Type I error rate under equal and unequal variances. Figure 24 presents the rate of positives under conditions of equal (\(r_{sd} = 0\)) and unequal variances (\(r_{sd} > 0\)). While this rate can be considered a Type I error rate when variances are equal, interpreting it under other conditions requires special attention because the hypothesis of interest may differ among methods. Parametric ANOVA is particularly sensitive to unequal variances when distributions are skewed because it tests differences among means. While the normal distributions of the latent space have the same means, this is not the case with the skewed distributions of the transformed variable, which have the same median but different means. All nonparametric methods we tested use ranks, which preserve medians and mitigate this problem. However, their rate of positives can still exceed \(5\%\) under certain conditions.
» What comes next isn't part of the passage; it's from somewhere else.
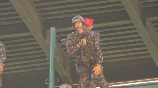 타워 위에 올라서자 멤버들은 하나같이 얼굴이 하얗게 질리기 시작했다. 특히 해병대 교육단 시절부터 숱하게 고소공포증을 앓았던 이성배는 타워 위에서 또 한 번 정신을 잃었다는 후문.

For between-subjects designs, we observe that the Kruskal–Wallis test and RNK yield very similar results. This is not surprising, as RNK is known to be a good approximation of the Kruskal–Wallis test (Conover 2012). INT’s positive rates are similar, although slightly higher under the binomial distribution. For within-subjects designs, differences among methods are more pronounced. The Wilcoxon sign-rank test (2 within) inflates rates well above \(5\%\), demonstrating that the test is not a pure test of medians. In contrast, the Friedman test (3 within and 4 within) provides the best control among all methods.
Figure 25 presents the same results but for \(\alpha = .01\). Discrepancies among different methods are now more pronounced, and we notice again that the Friedman test keeps rates closer to the nominal level of \(1\%\) compared to INT and RNK. Nevertheless, in addition to their greater power compared to the Friedman test, RNK or INT present other advantages, such as the possibility to use common ANOVA-based procedures to partly correct issues associated with unequal variances. For instance, we ran an experiment, where we applied a Greenhouse–Geisser correction following sphericity violations detected with the Mauchly’s sphericity test (\(\alpha = .05\)). We found that this correction brings the error rates of INT close to nominal levels for continuous distributions, such as the normal and log-normal distributions. In the case of the binomial and ordinal distributions, error rates are also significantly reduced, well below those of the Friedman test, although not reaching nominal levels.
Conclusion
We do not see significant benefits in using dedicated nonparametric tests over RNK or INT. INT can replace nonparametric tests even for single-factor designs. If, after transforming the data, the assumptions of homoscedasticity or sphericity are still not met, applying common correction procedures (e.g., a Greenhouse–Geisser correction for sphericity violations) on the transformed data can reduce the risk of Type I errors.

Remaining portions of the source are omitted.